Verschil tussen samengestelde en ontledende microscopen

Ontleden en samengestelde lichtmicroscopen zijn beide optische microscopen die zichtbaar licht gebruiken om een ​​afbeelding te creëren. Beide soorten microscoop vergroten een object door licht door prisma's en lenzen te focussen en het op een monster te richten, maar de verschillen tussen deze microscopen zijn aanzienlijk. Het belangrijkste is dat dissectiemicroscopen bedoeld zijn om de oppervlaktekenmerken van een monster te bekijken, terwijl samengestelde microscopen zijn ontworpen om door een monster te kijken.

Hoe een microscoop werkt

Zowel ontledende als samengestelde lichtmicroscopen werken door licht dat door een monster wordt gereflecteerd en gebroken, op te vangen en om te leiden. Samengestelde microscopen vangen ook licht op dat door een monster wordt doorgelaten. Licht wordt opgevangen door bi-convexe lenzen boven het preparaat; dit worden objectieflenzen genoemd. Samengestelde microscopen hebben verschillende objectieven van verschillende sterktes, die van 40 tot 1000 keer vergroten. Het punt waarop het licht wordt omgeleid - of geconvergeerd - wordt het brandpunt genoemd. Het beeld in het brandpunt wordt vergroot weergegeven voor de waarnemer. De afstand tussen het brandpunt en de eerste lens wordt de werkafstand genoemd. Microscopen met een kleinere werkafstand hebben een grotere vergrotingskracht dan die met een langere.

Microscopen ontleden

De dissectiemicroscoop wordt ook wel stereomicroscoop genoemd. Omdat hij een lange werkafstand heeft, tussen de 25 en 150 mm, heeft hij een lager vergrotingsvermogen. Dit geeft de gebruiker de mogelijkheid om het monster te manipuleren, zelfs kleine dissecties onder de microscoop uit te voeren. Er kunnen ook levende exemplaren worden waargenomen. Een typische studentenstereoscoop kan twee tot 70 keer vergroten door zijn ene objectieflens. Met een stereoscoop kan het licht van bovenaf op het preparaat worden gericht, waardoor een driedimensionaal beeld ontstaat.

Samengestelde microscopen

Samengestelde lichtmicroscopen worden vaak gebruikt om voorwerpen te bekijken die te klein zijn om met het blote oog te zien. Ze hebben verschillende sterktes van objectieve lenzen en vertrouwen op licht dat van onder het monster schijnt. Dit vereist dat een exemplaar zeer dun en ten minste gedeeltelijk doorschijnend is. De meeste exemplaren worden gekleurd, in plakjes gesneden en op een glasplaatje geplaatst om te bekijken.

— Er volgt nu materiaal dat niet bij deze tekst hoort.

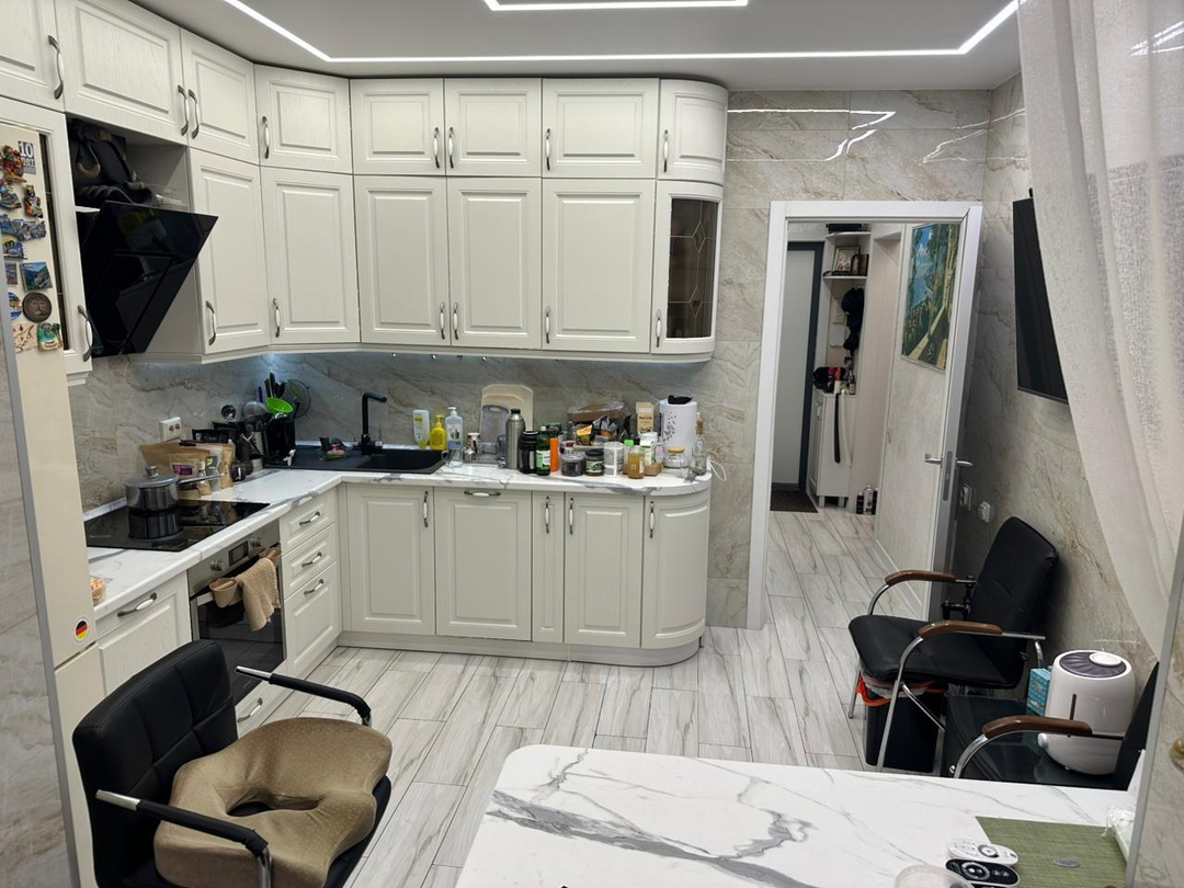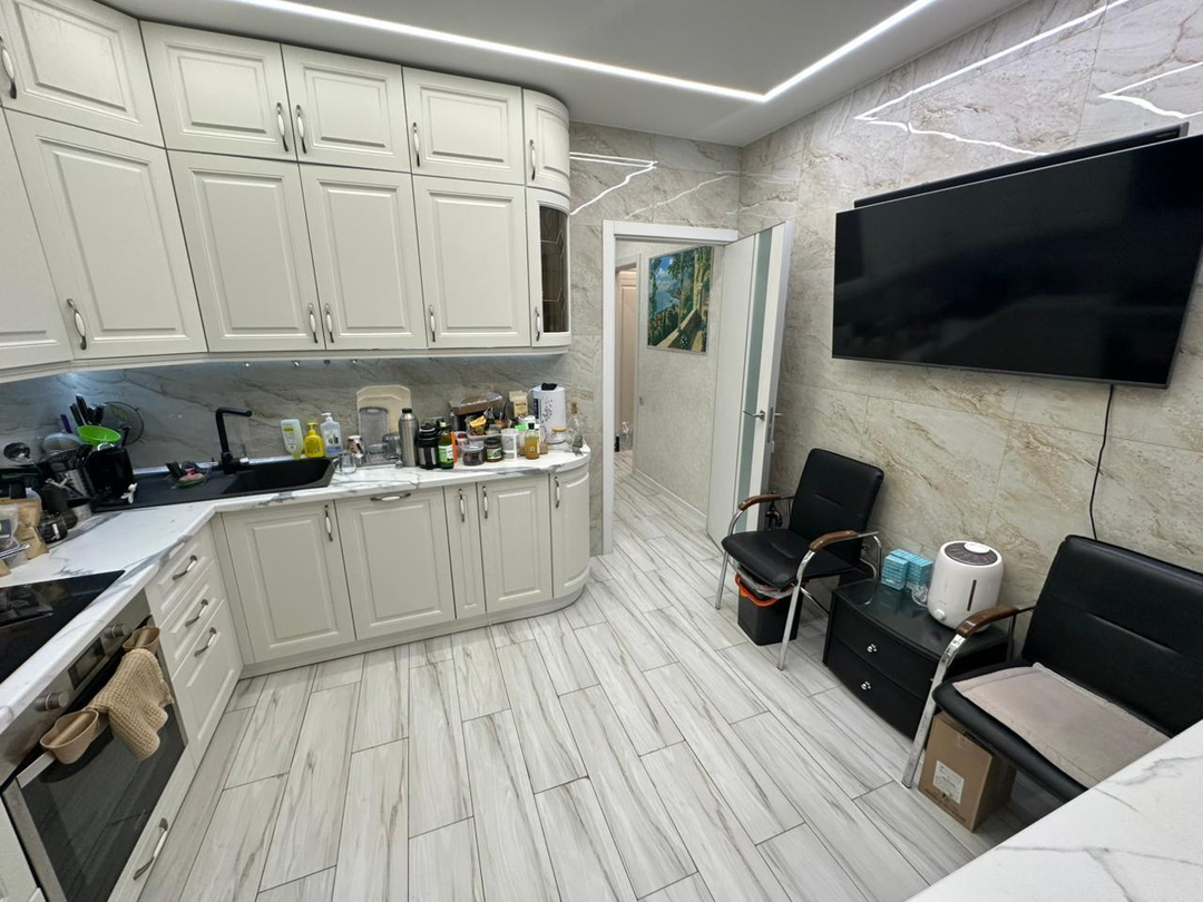В квартире сделан качественный и современный ремонт. Теплые полы, кондиционер в каждой комнате. В квартире два С / У. Вся мебель высокотехнологичная, от производителя ЭГГЕР.
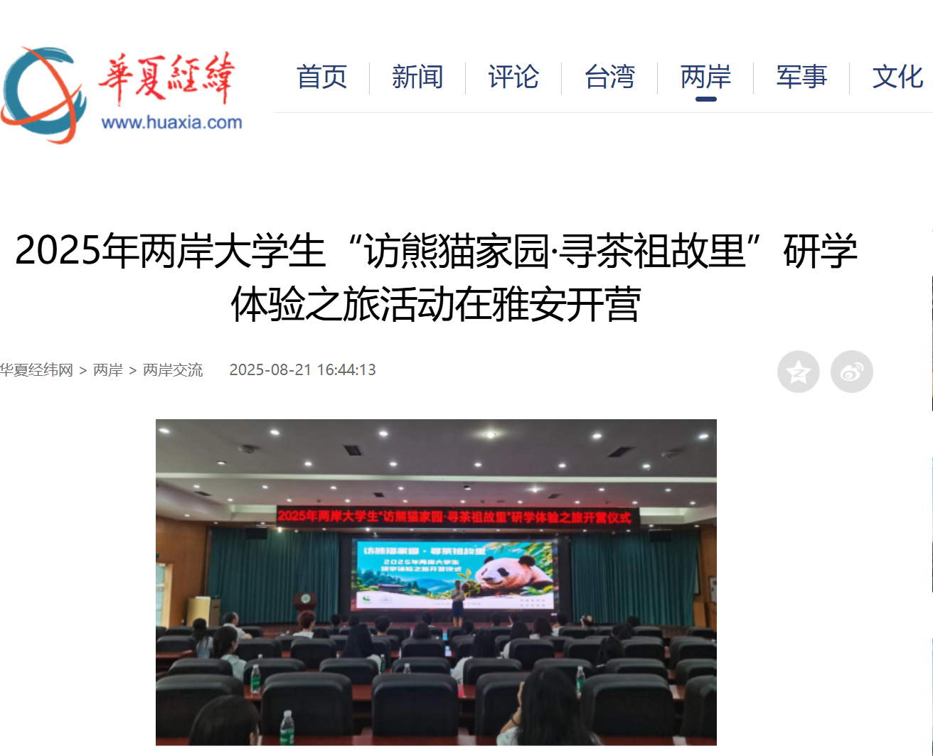 8月14日,2025年两岸大学生“访熊猫家园・寻茶祖故里”研学体验之旅开营仪式在四川省雅安市举行。雅安市委常委李蓉、太阳集团tyc86党委副书记张强、台湾中华青年交流协会秘书长郑婷文以及来自台湾东华大学、世新大学及太阳集团tyc86等16所高校的32名师生齐聚一堂,共同开启这场跨越海峡的文化探寻之旅。
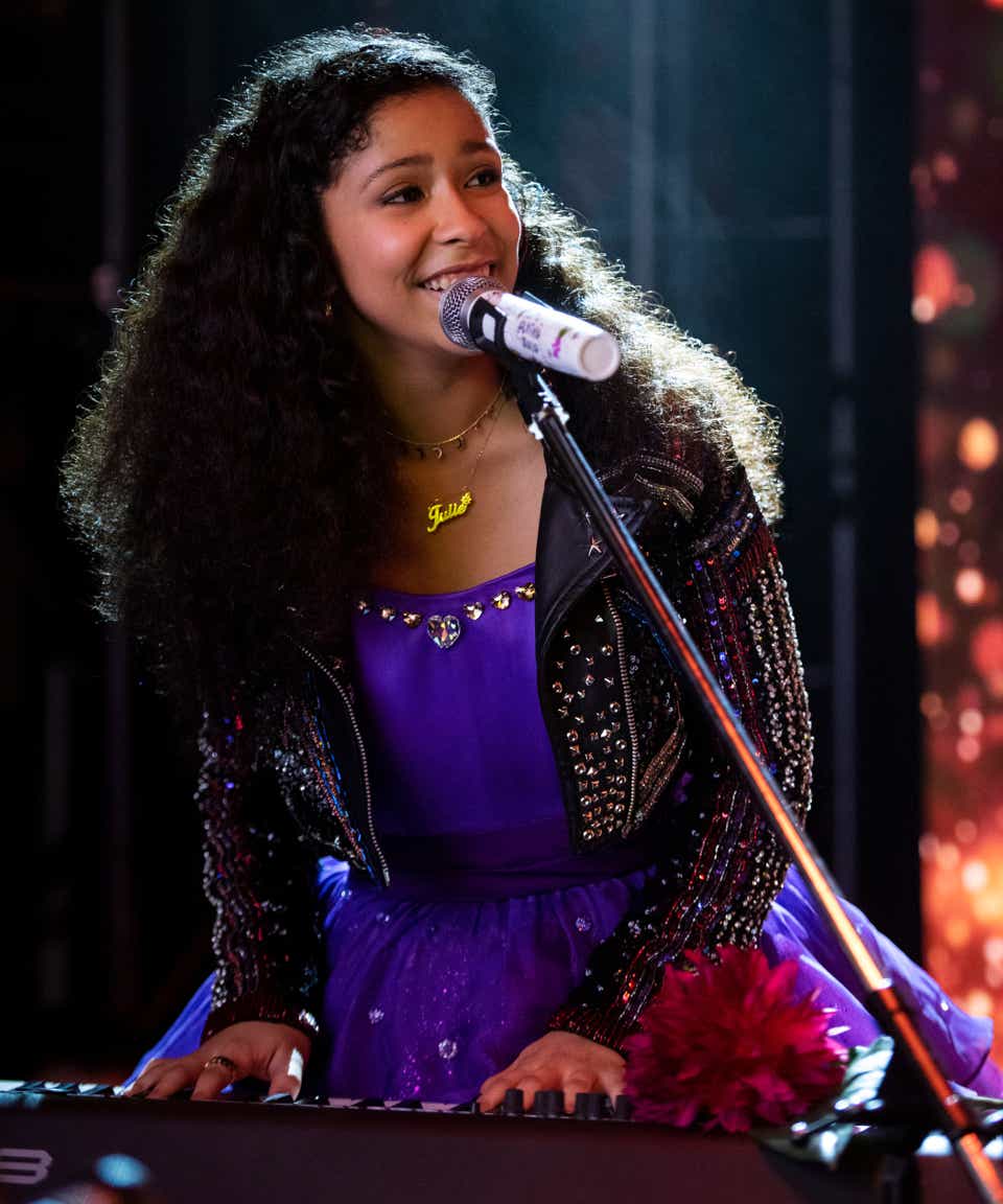 There’s little costume designer soyon an wouldn’t do to achieve the perfect look. Julie's lightning bolt sequin moto jacket on julie and the phantoms.
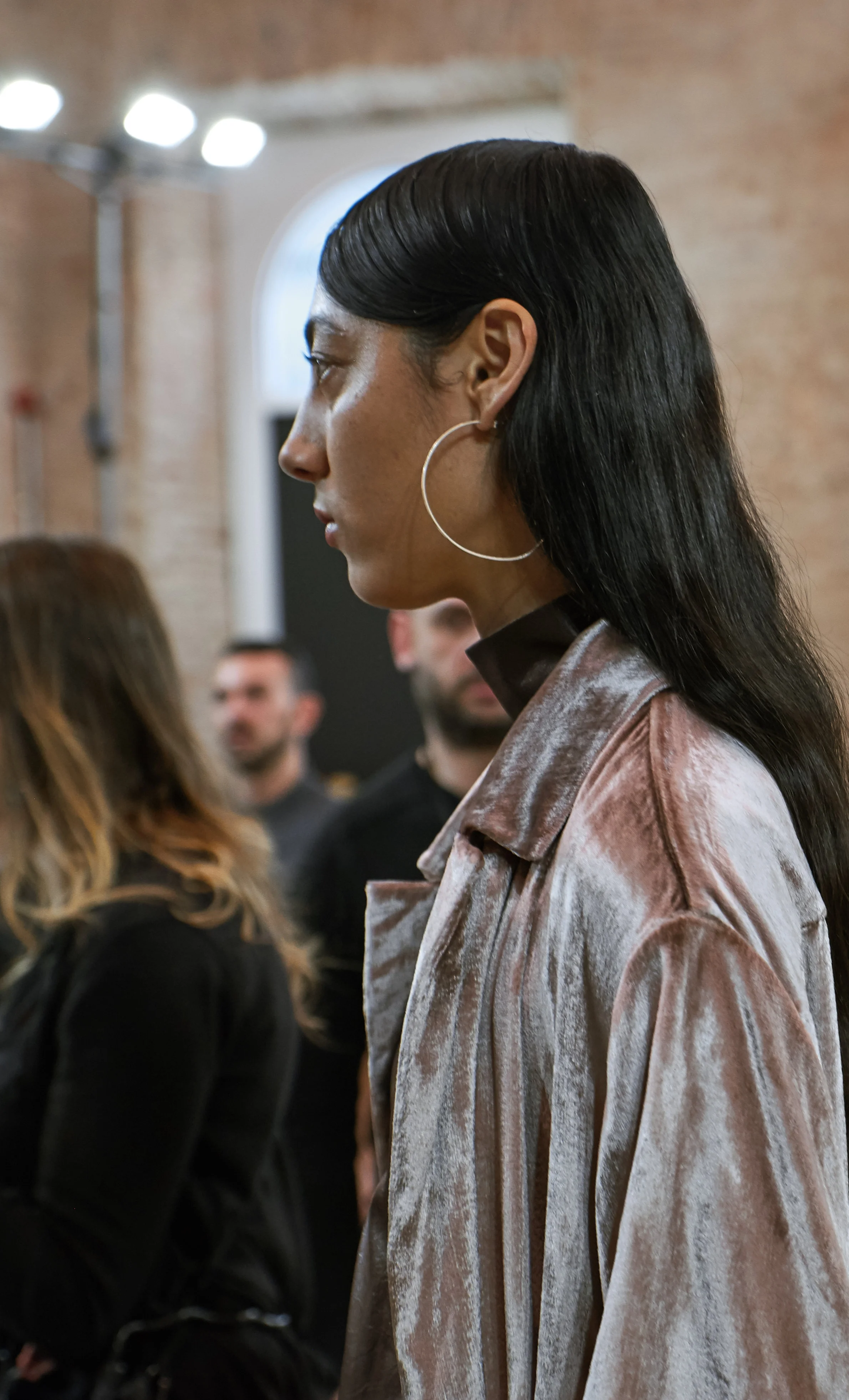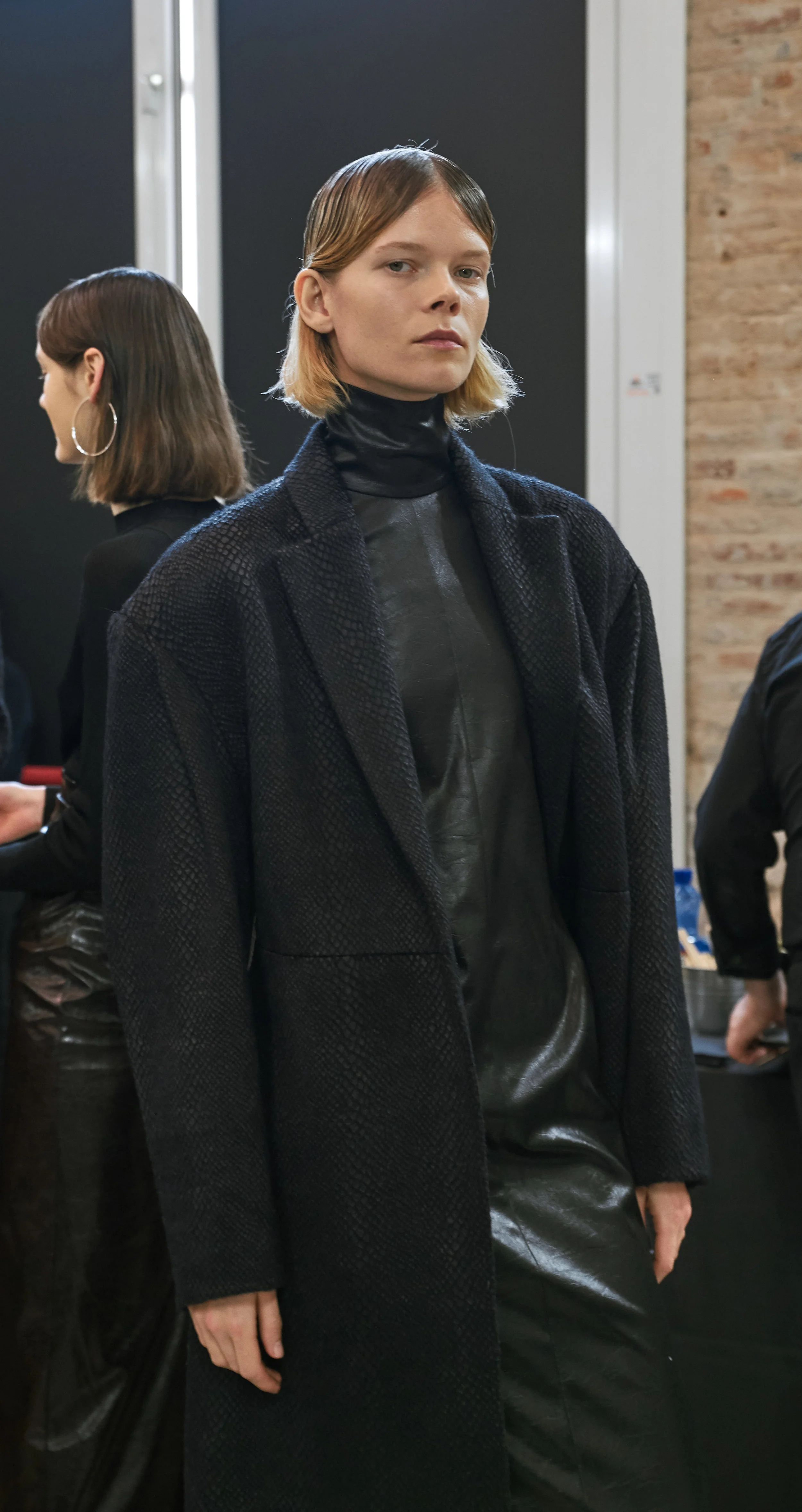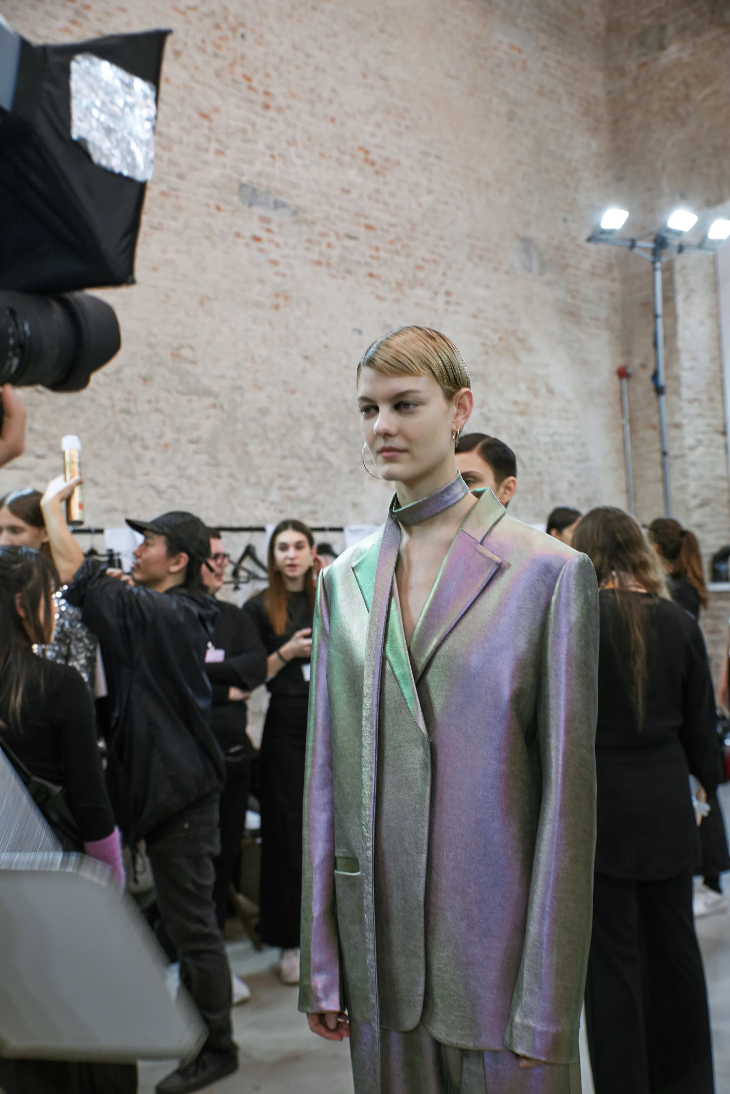 As the avatar of the series "Psychedelic Workaholics", that’s how the models that step in the catwalk of RICOSTRU wear a workwear with a futuristic allure. Faux leather garments, shimmering waterproof fabrics, high-tech coatings and prints. The shimmering waterproof down jackets and the ultra light leather embody the new ideal of "workwear of the future", imagined for space travel. The fluorescent colors of some dresses reflect the delicate soul and the dreamer of all workhaolics like the colorful dress with animalier prints.
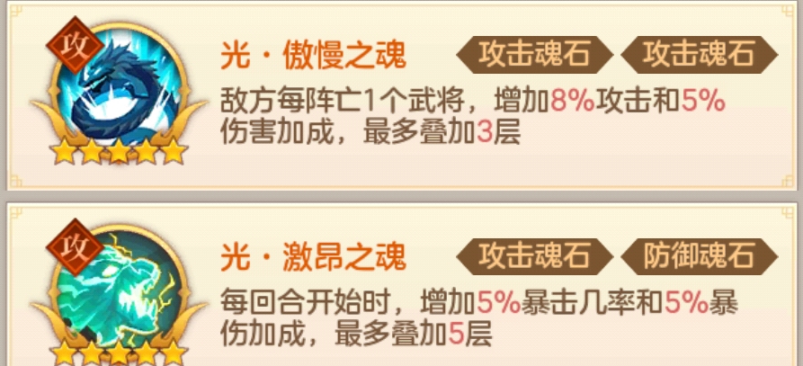 魂石推荐:光系列。傲慢+激昂+谨慎。都是加攻击和暴击效果的,谨慎可以加35%的爆伤。
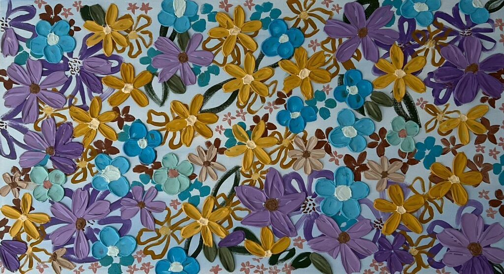 Neste quadro, a harmonia entre tons azuis e roxos cria uma atmosfera onde as flores desabrocham em um espetáculo de cores e texturas. A textura cuidadosamente aplicada, acrescenta uma dimensão tátil à obra. As flores azuis e roxas são como se o próprio céu noturno estivesse refletido nesta tela, com as estrelas substituídas por flores que brilham com uma luz própria. Esta obra é um convite para explorar os mistérios e a beleza da natureza, imerso em uma sinfonia de cores que inspiram e encantam.
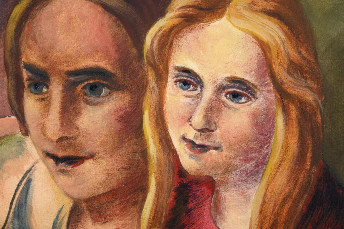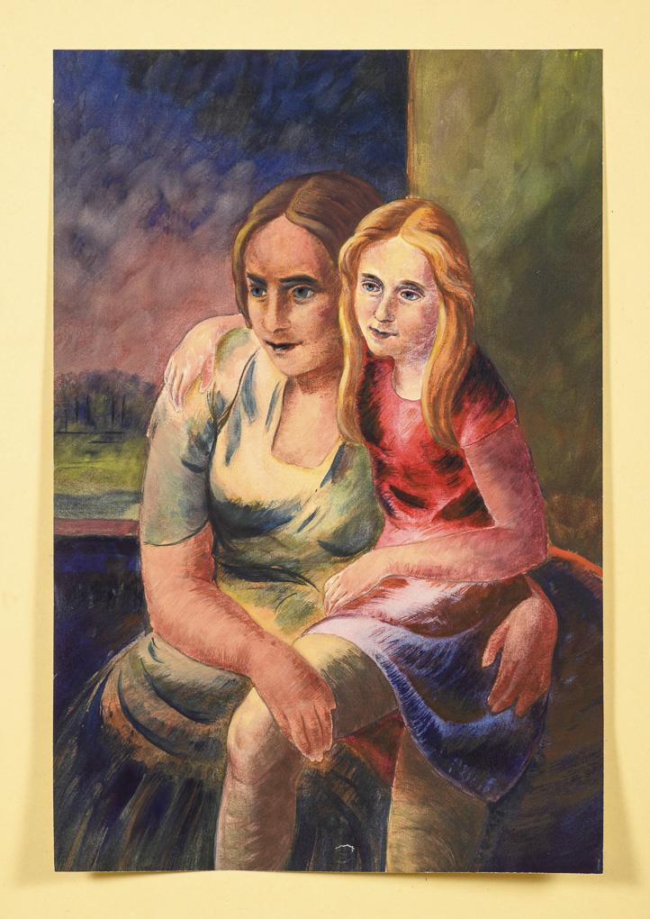 Portrait of the mother with the child on her lap at the open window. A small restored area.
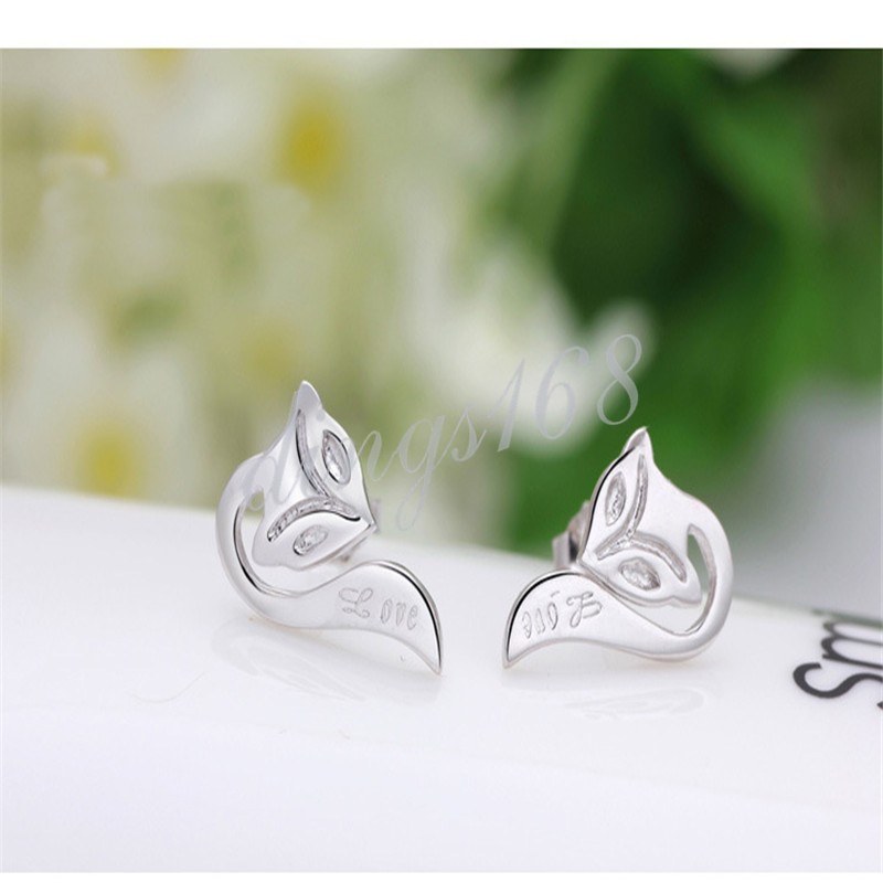 как выглядит Girls 925 Sterling Silver Cute Fox "LOVE" Engrave 13mm Stud Post Earrings A1039 фото

Een samengestelde microscoop kan tot 1000 keer vergroten en biedt de mogelijkheid om veel meer details te zien. De werkafstand varieert van 0,14 tot 4 mm.

Verschillen in toepassing

Een samengestelde microscoop wordt gebruikt om ultradunne stukjes van grotere objecten te observeren. Voorbeelden zijn de stengel van een plant of een dwarsdoorsnede van een menselijk bloedvat. In beide gevallen is het exemplaar niet levend. Het stuk wordt op een glaasje geplaatst en gekleurd met kleurstoffen om kenmerken te benadrukken. Een stereoscoop kan worden gebruikt voor items waar licht niet doorheen kan schijnen. De werkelijke kleuren van het monster worden waargenomen en het monster kan door de waarnemer worden gemanipuleerd terwijl het wordt bekeken. De ingewikkeldheid van vlindervleugels, het detail van een schorpioenklauw en het weefsel in een stof zijn enkele voorbeelden van items die bekeken kunnen worden. Stereoscopen kunnen ook worden gebruikt om sommige levende organismen, zoals die in vijverwater, te observeren.